Sun therefore positions its product to appeal to organisations and consumers who are after a multiplatform alternative to Microsoft Office, as distinct from OpenOffice, which it sees as a product for independent developers, the open-source community and users of free software.

To this end, StarOffice includes more extensive bought-in spellcheckers and mail-merge features, fonts that are metrically equivalent to those found in Windows for use on other platforms (particularly useful since Microsoft stopped offering free downloads of its core fonts a few years ago, as these had always been a boon for Linux users), migration tools for documents and macros, and a wider range of document templates and import filters for Asian-language files.

This is on top of the features that go beyond the budgets of the OpenOffice developers, such as CD-based product updates, warranties and round-the-clock support. Fortunately, many of the tech-support features are mirrored by the active OpenOffice user base, to the extent that Sun's formalised offering is an unjustifiable extravagance for most home users. Ad-hoc add-ons such as this aren't just for OpenOffice users, though, as Sun itself incorporates community-developed features into its commercial product, such as the Flash export options in Impress.

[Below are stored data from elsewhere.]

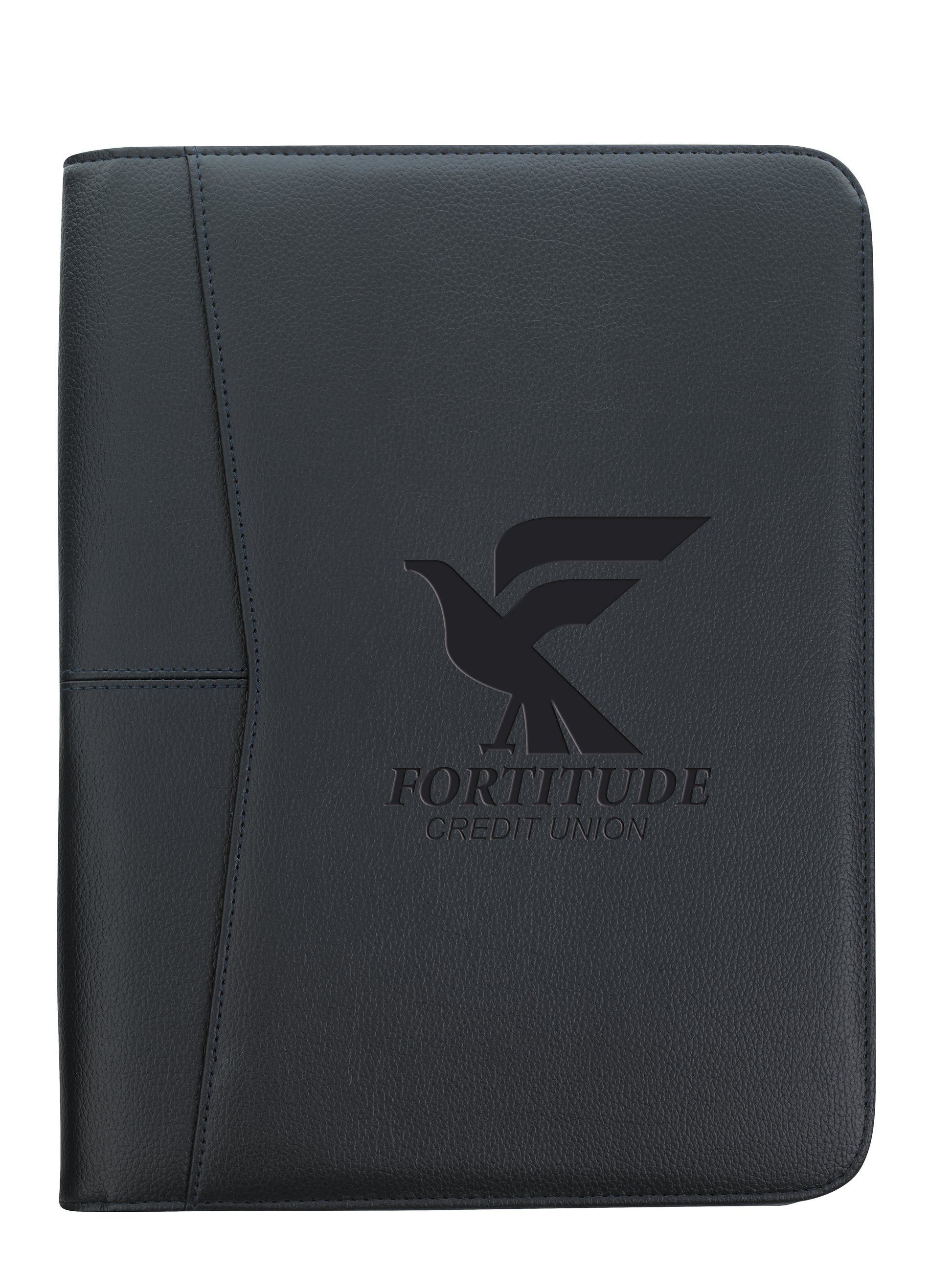This sturdy vinyl padfolio has a textured finish and stitched details to give it a premium look. The interior organizer has lots of options for keeping your business essentials together, and you can zip the whole thing shut to keep everything secure as you rush off to your next appointment.
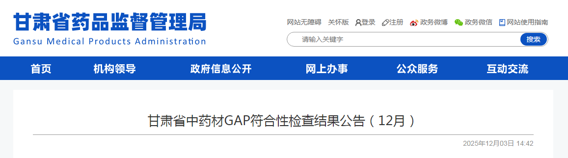甘肅省中藥材GAP符合性檢查結果公告(12月)
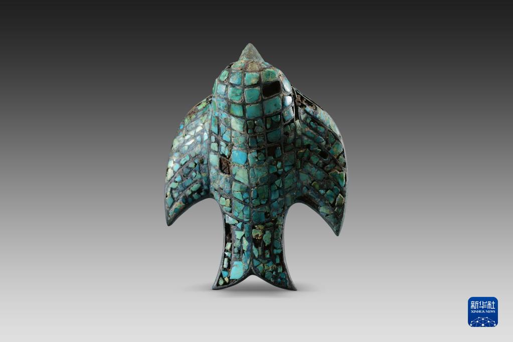 這是陜西清澗寨溝遺址發(fā)現(xiàn)的綠松石銅鳥飾。
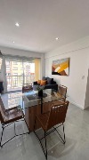 Living-comedor al frente con balcón, finamente decorado y amoblado con mesa, sillas, sillón, cuadro y mueble equipado con TV y puerto USB.
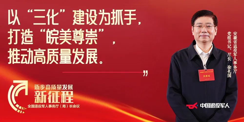 聚力退役军人工作高质量发展目标任务,以规范化、标准化、信息化“三化”建设为载体,在全省系统树立大抓基层导向,聚力打造“皖美尊崇”品牌,实现服务保障从有到优,推动安徽退役军人工作高质量发展。
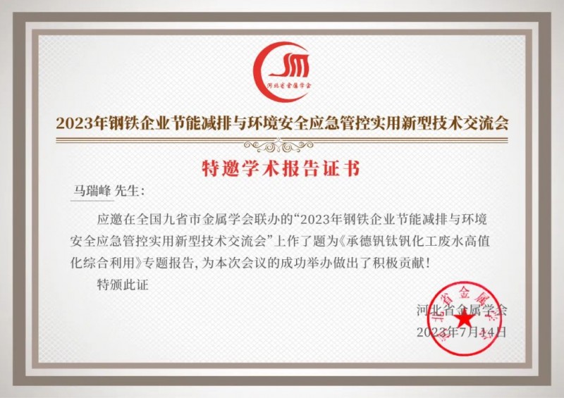 承德釩鈦新材料有限公司技術(shù)中心釩鈦研究所所長(zhǎng)馬瑞峰作《承德釩鈦釩化工廢水高值化綜合利用》主題報(bào)告
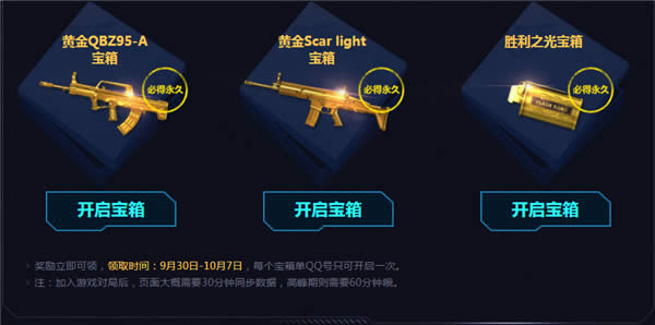 奖励立即可领,领取时间:9月30日-10月7日,每个宝箱单QQ号只可开启一次。

The deciding factor for high-end users will be how they intend to apply their existing macros to their latest installation. StarOffice ships with a Macro Migration Wizard that relies on an API layer absent from OpenOffice, in which translated macros may fail to run. This can be fixed through the addition of Sun's special Migration Tools licence for OpenOffice, which costs money and defeats the purpose of going open source.

If your company relies on a sophisticated roll-out backbone, and your clients demand access to SharePoint servers, then it's Microsoft Office all the way. If, on the other hand, you want a lighter, cheaper option that offers 90 per cent of Microsoft's features and adds in an extra 20 per cent of its own, there are many good reasons to buck the industry trend here and now.